SUPPLIED MATERIAL: Begin

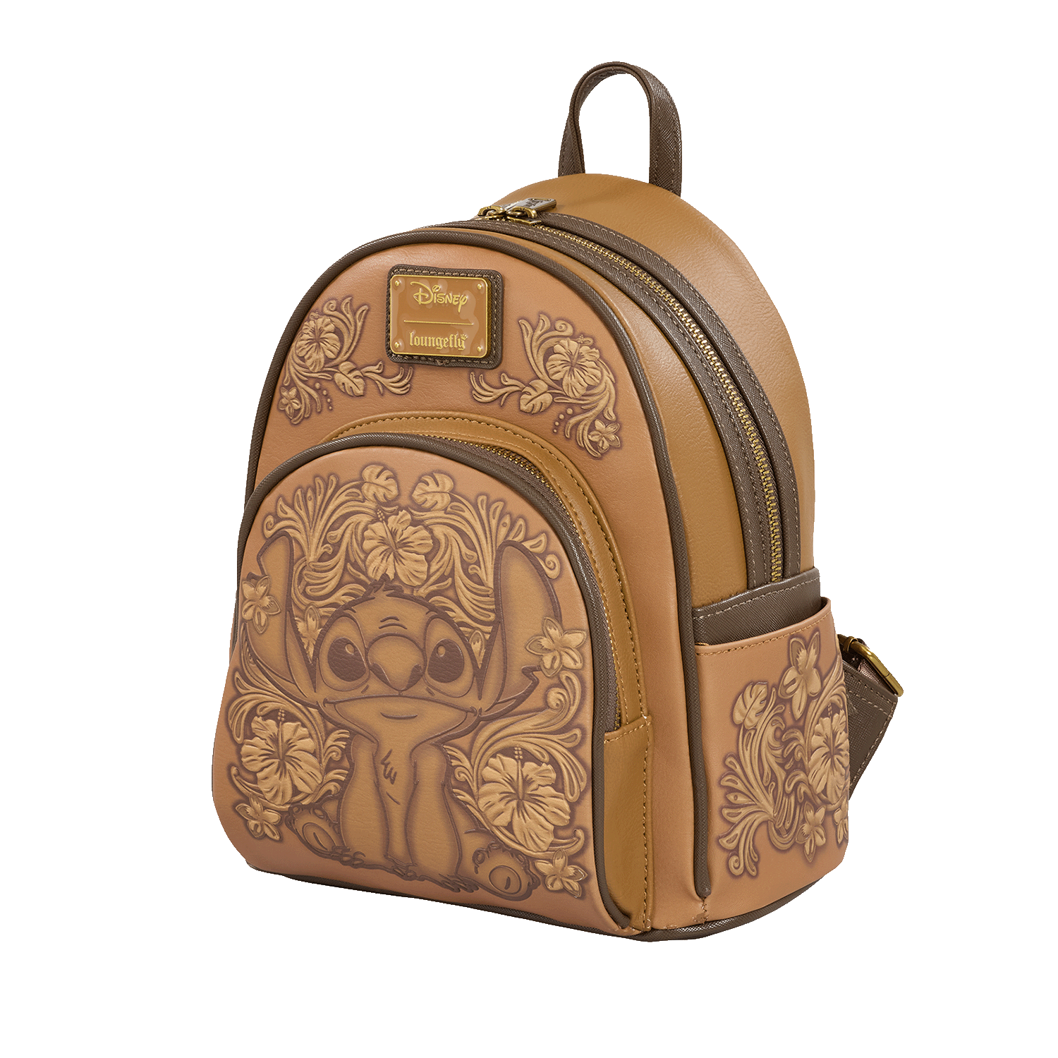 Ka-bloom! Make an entrance—or a fashionable escape—with this beautiful mini backpack featuring Disney’s Stitch. The design emulates leather tooling techniques to reveal an elegant, debossed print of Stitch surrounded by tropical flowers. Pack just what you need for a day’s worth of adventures in full bloom.
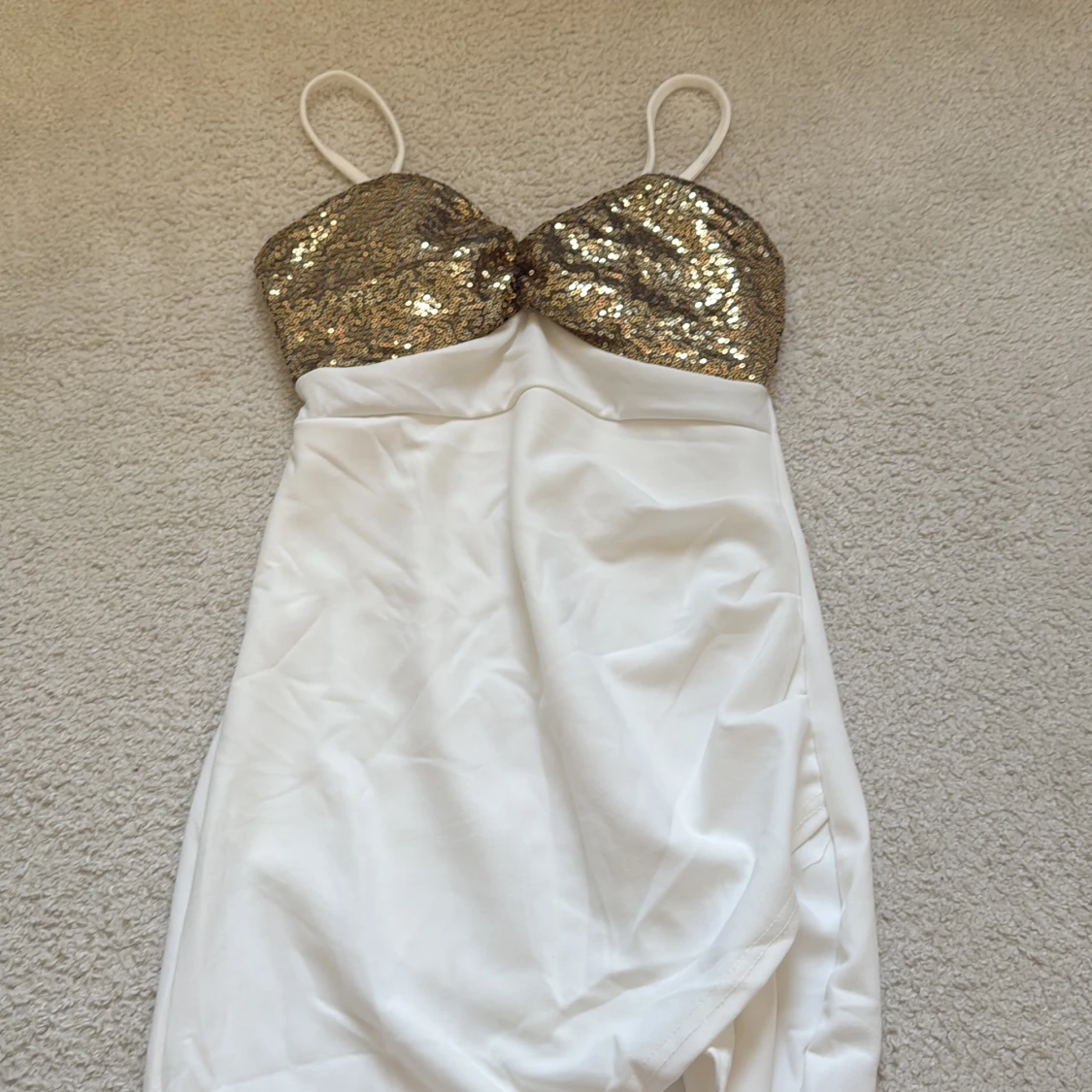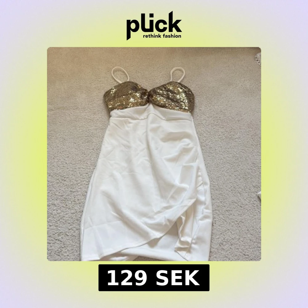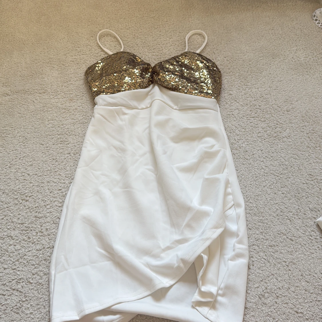 Supersnygg vit kortklänning med smala axelband och glittrig överdel i guldpaljetter. Kjolen har omlott-design och slits framtill för extra vibe. Perfekt för dig som vill sticka ut med en glam look. Materialet känns mjukt och följsamt mot huden.
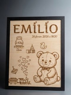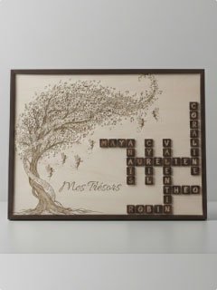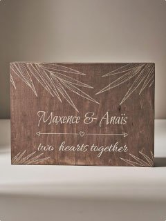 Chez Tominov, nous créons des cadeaux uniques en bois gravé qui marquent les esprits : anniversaires, baptêmes, baby-showers, mariages, naissances…
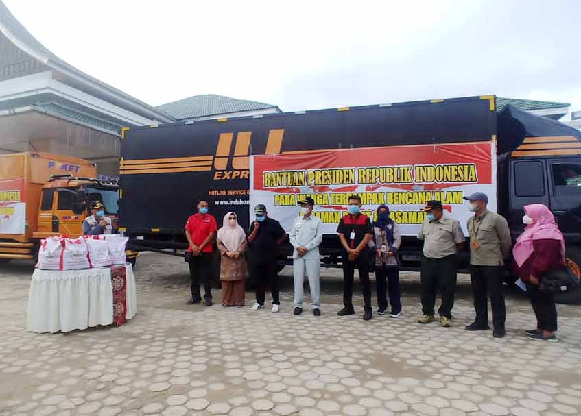 Bupati Pasaman Barat, Hamsuardi menerima langsung bantuan presiden tersebut di halaman kantor bupati atau di posko utama pengungsian.

SUPPLIED MATERIAL: End

### REQUIREMENT
Leave the images out as you retype each line of the material exactly.

### ANSWER FOR THE TASK
 Ka-bloom! Make an entrance—or a fashionable escape—with this beautiful mini backpack featuring Disney’s Stitch. The design emulates leather tooling techniques to reveal an elegant, debossed print of Stitch surrounded by tropical flowers. Pack just what you need for a day’s worth of adventures in full bloom.
 Supersnygg vit kortklänning med smala axelband och glittrig överdel i guldpaljetter. Kjolen har omlott-design och slits framtill för extra vibe. Perfekt för dig som vill sticka ut med en glam look. Materialet känns mjukt och följsamt mot huden.
 Chez Tominov, nous créons des cadeaux uniques en bois gravé qui marquent les esprits : anniversaires, baptêmes, baby-showers, mariages, naissances…
 Bupati Pasaman Barat, Hamsuardi menerima langsung bantuan presiden tersebut di halaman kantor bupati atau di posko utama pengungsian.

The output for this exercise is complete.